Hello everyone,

I am posting this more generically in the software development section to see what might be available and to increase a possible success rate. But enough of that let's get to the question at hand.

Recently, in C#, I started back up a project of mine to do RSA encryption. Part of what makes an RSA cipher successful is the production of large, random numbers, that are prime. For my project, I am using a library that uses random.org to seed a random number generator, and then producing VERY large values that must be stored in BigIntegers (for those who are unfamiliar with these, they pretty much, at least from what I can tell, can hold a number of what ever size you want ... I think they emulate the value from like a byte array).

Anyway, as you saw I said these are "Prime" random numbers. While I have the formula that can create the keys fine, the problem that kills it is it takes me forever to determine if these large random numbers are prime.

So I ask this question, what can I do to speed up the code to produce large random numbers that I know are prime, or what examples do you have? I have done the usual for loop and performing a modulo to see if the remainder is 0, but with numbers this large it's really slow (and by that I think I once forgot it was running and had it going and like 30-60 mins later, the first random number still wasn't found). I am not looking for a C# specific answer, more like pseudo code you might say, or processes

(On a side note, yes I know C# does have a built in RSA library but I hate it. The p and q values produced are too small, and I have no clue how its random engine works, or what it uses. I also hate how it expects the keys, with all the what should be concealed values being flaunted in the object).

I did just that in the deep, dark past when I was studying RSA and public key encryption in general. That was back in the mid-late 1980's. I wrote a program that first seeded an array of 10,000 numbers using the Sieve of Aristostenes. Then, used recursion to determine if any number is prime. Of course, you first eliminate those that have an even digit at the end! It is only the odd ones (so to speak) that are of interest. Unfortunately, the code for that is on a floppy disc in a box somewhere in my storage room... I'd have to reconstruct it, but you might be able to find something on the net that does just that. On an old 8086 system, I could determine if a number up to 16 digits was prime in microseconds. I used that routine to factorize large numbers into primes and to generate Goedel numbers from strings.

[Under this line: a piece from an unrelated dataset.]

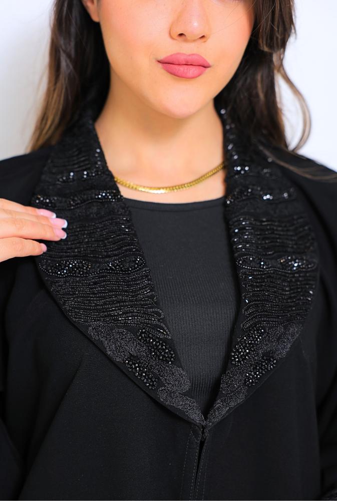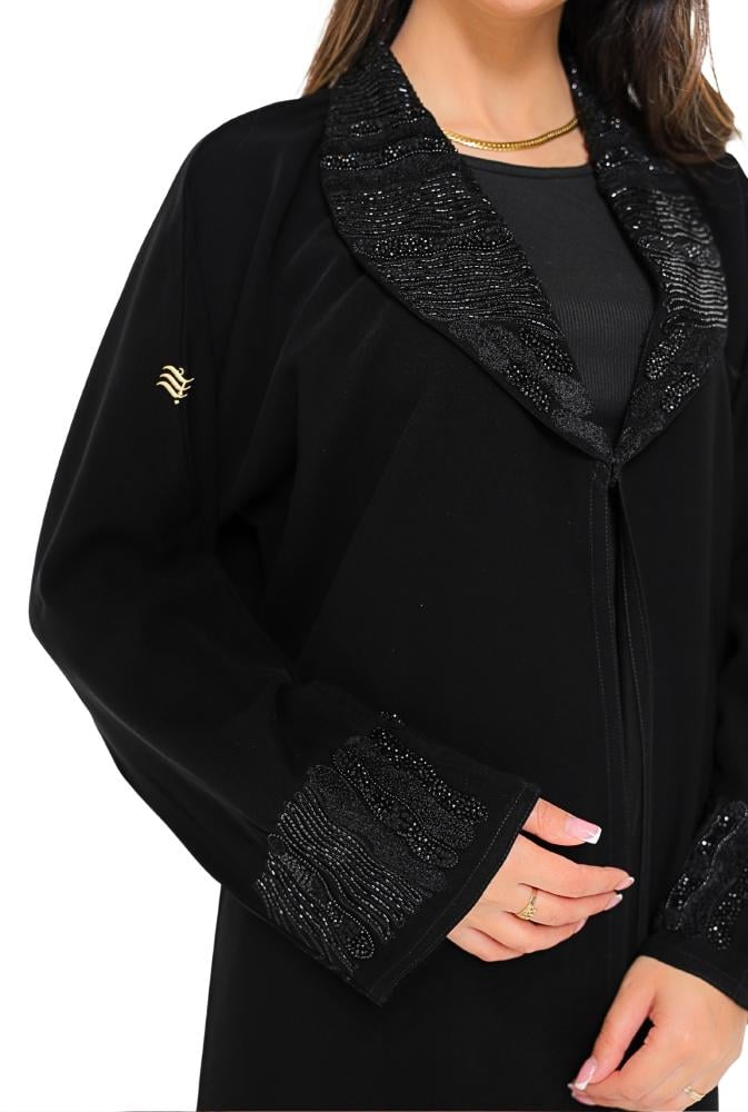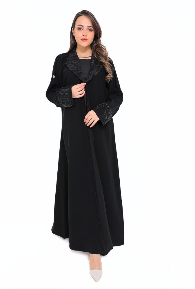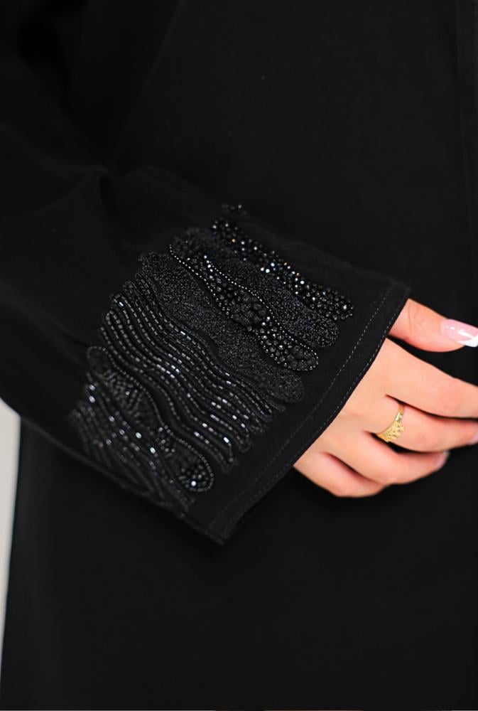 عباية مطرزة لف شغل يدوي في الكم والياقة اسود

All that aside, the really big 1024-2048 digit numbers used for public key encryption these days requires the use of an unlimited precision math library. The boost library has such. Also, you need two of these mongo numbers, one for the public key and the other for the private one.

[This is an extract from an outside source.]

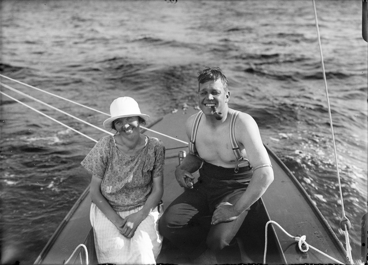 Kvinna och man i segelbåt, sannolikt på Ekoln, Uppland

As a final aside, I was about to build my own unlimited precision math library at that time, but I got a job as director of R&D for a software firm in Syracuse, NY where my wife was doing a post-doc in physics. That kind of put the kibosh on that project! :-)

Hmm, that even number at the end, I can't believe I didn't think of that. I could do that to speed it up.

By the way, what exactly do you mean an "unlimited precision math library"

(Oh and yeah I know I need two large numbers, I can do the RSA encryption by hand, just not with large ps and qs)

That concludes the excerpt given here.